Lots of Events & Topical Tech Discussions

This week we just had Ryan Zhang present at the Seattle Scalability Meetup. I did a little short presentation just showing some tools that I’ve been using as of late; DataGrip, and related schema migrations and Docker containers as I work through the schema migrations. It was a solid meetup and excellent conversation after meetup, big thanks to everybody who came out to the meetup and joined us for a round of drinks, amazing cheese curds and hummus at Collin’s afterwards! It was a great meetup and looking forward to getting together again on May 28th with Guinevere (@guincodes) presenting “The PR That Wouldn’t Merge“!

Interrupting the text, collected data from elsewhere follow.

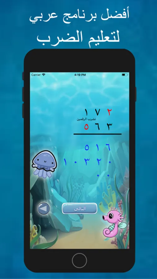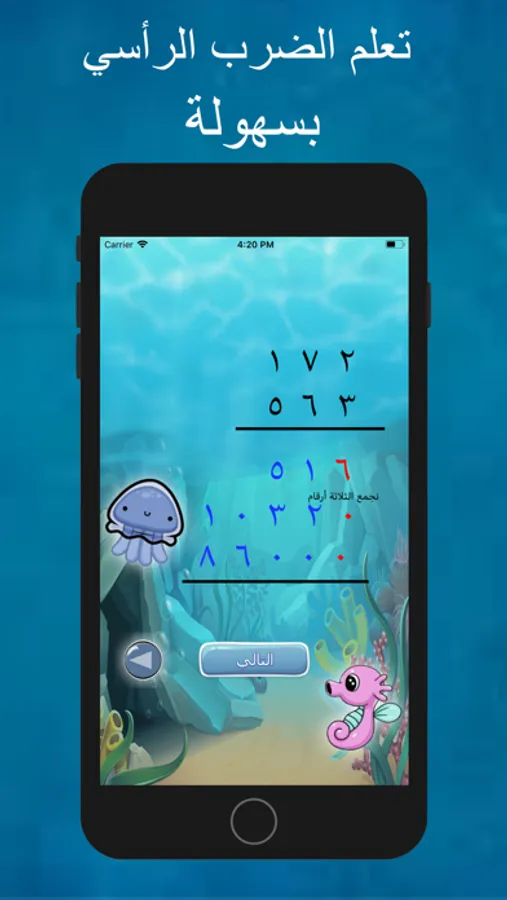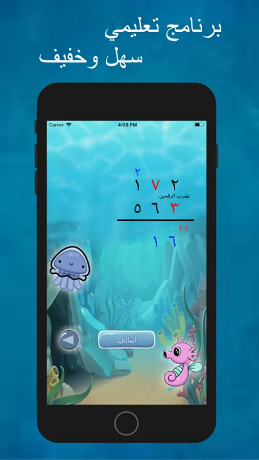 برنامج تعليمي سهل وخفيف لتعليم ضرب رقمين مكونين من ثلاث خانات.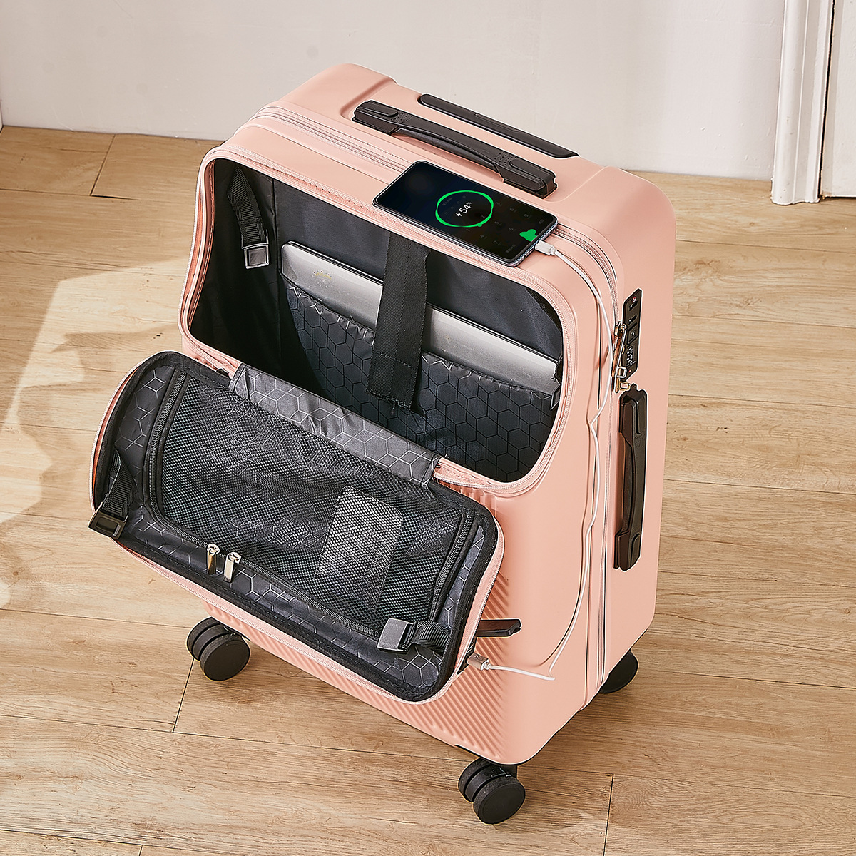 高颜值铝框行李箱多功能拉杆箱女20寸登机密码箱结实耐用旅行箱男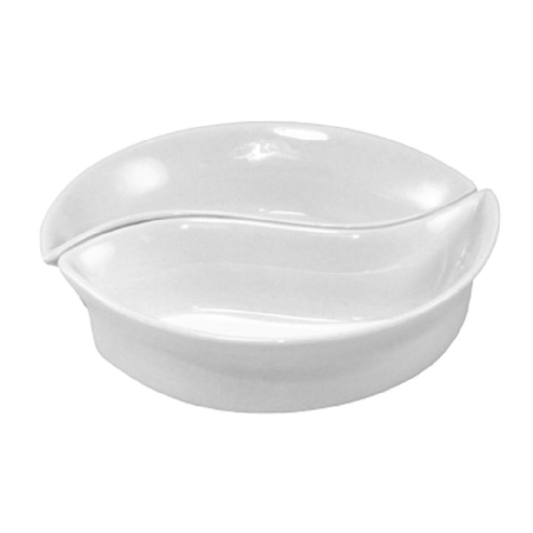 The International Tableware FA-433 Sampling Dish is a high-quality porcelain dish designed for various culinary applications. With a capacity of 1-1/2 oz. and a diameter of 4-1/4 inches, this pisces-shaped dish provides an ideal size for sampling and presenting small portions. Crafted from fully vitrified porcelain, it ensures durability and resistance to chipping, making it suitable for both casual and formal dining environments. The Bright White finish adds a touch of elegance, enhancing food presentation. This dish is both microwave and dishwasher safe, providing convenience and versatility in any kitchen setting. Additionally, it is lead-free, aligning with modern safety standards for kitchenware. Each dish is sold separately, and they are packed in cases of two dozen, making it a practical choice for restaurants, catering businesses, and hospitality venues looking to maintain consistent quality and aesthetics in their tableware collections.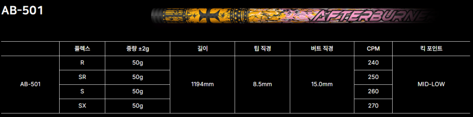 비거리 효과를 보시려면 TRPX 에프터버너 AB503 모델을 강력하게 추천드립니다.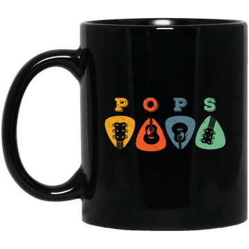 Pops Guitar, Guitar Picks, Retro Guitarist Black Mug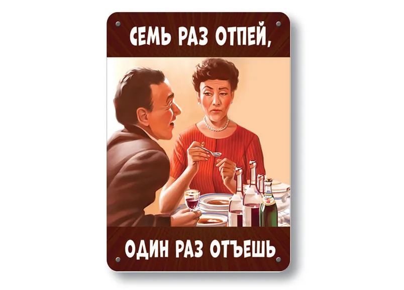 | Текст | Материал: эмалированный металл, керамический краситель Размер: 200x260 мм Отверстия: по углам | |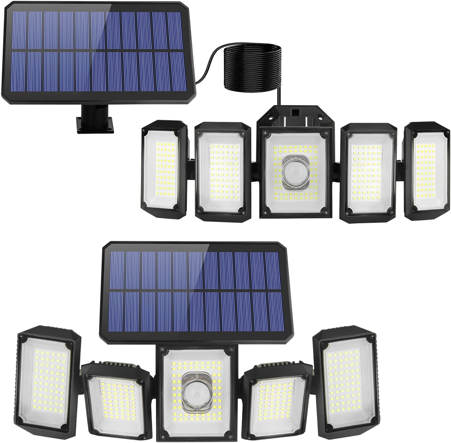 Innovative 5 Lighting Heads Design: our solar wall lamps is equipped with 5 rotating lighting heads and pivoting solar panels,it can move up and down, left and right, easily adjust the lamp cap,solar panel and motion sensor to any angles as your requirement,up to 360° wide lighting angle,bring you a fantastic lighting experience.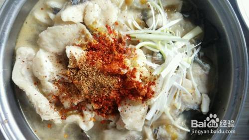 鱼片上放上辣椒面,有花椒粒放花椒粒,切碎了的蒜,葱丝。大料面。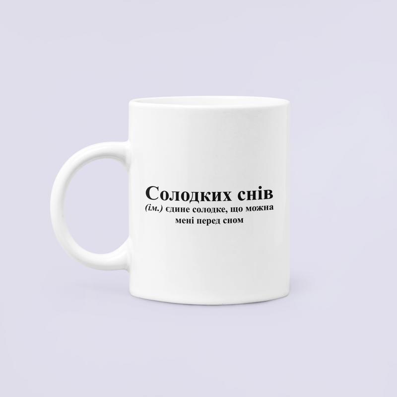 Чашка керамическая кружка с принтом солодких снів солодке що можна перед сном, белая 330 м...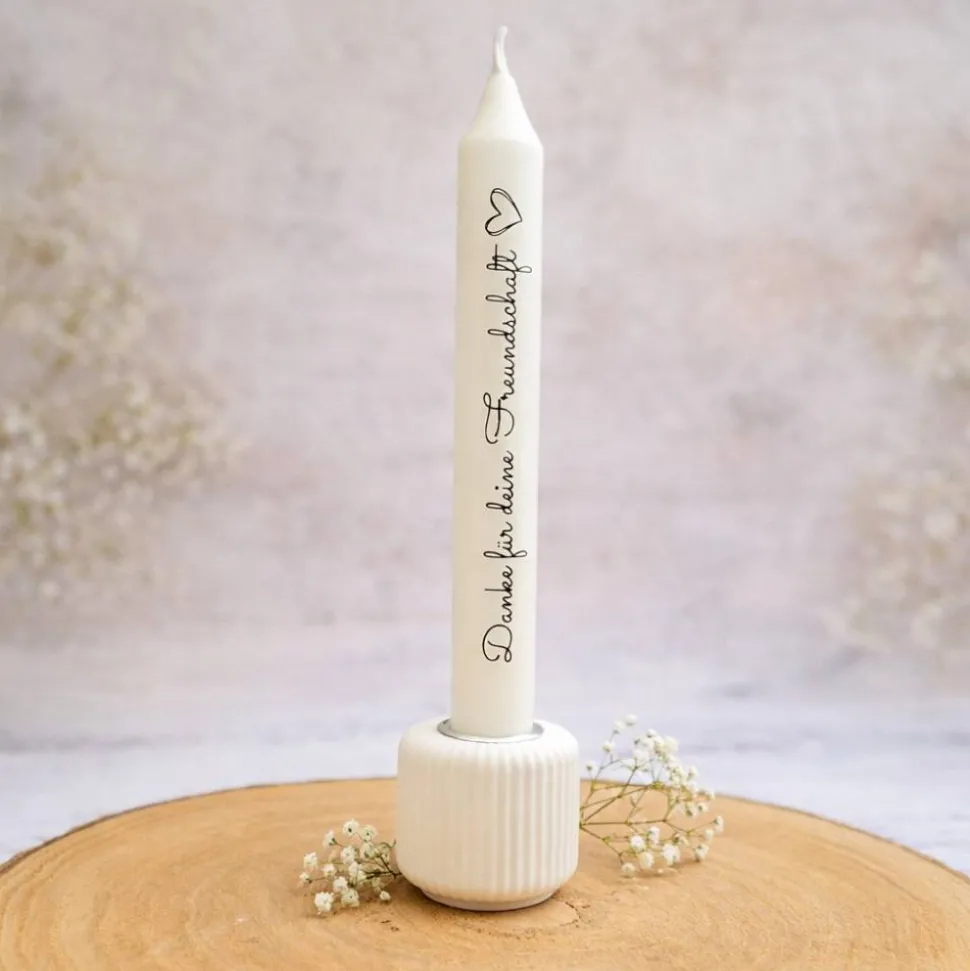 Diese handveredelten Stabkerzen sind ein schönes Geschenk für besondere Personen in deinem Leben– ob als Dankeschön, zum Geburtstag oder einfach, um jemandem zu zeigen, wie wichtig er oder sie ist. Die schlichte Eleganz der elfenbeinfarbenen Kerzen kombiniert mit der feinen Schrift macht sie zu einem zeitlosen Hingucker.

In other upcoming events that I’ll be at either presenting or attending. The events I’m attending let’s get talk, I’m always interested in meeting new people and learning about you’re working on, what you’re learning, and where and what efforts are of interest to you. For the events I’m presenting at the same applies, plus I’ll be standing among all the persons and presenting whatever tidbit of knowledge I’ve come to present. Hopefully it’ll be useful and informative for you and we can continue the conversation after the presentation and we all gain more insight, ideas, and ways to move forward more productively with our respective efforts. Here’s a list of the next big meetups and conferences I’m either speaking at or attending, and hope to see and meet many of you dear \m/ readers there!

Zhi Yang Presenting “Hierarchical Topic Modeling in Cancer Patients’ Mutational Profiles”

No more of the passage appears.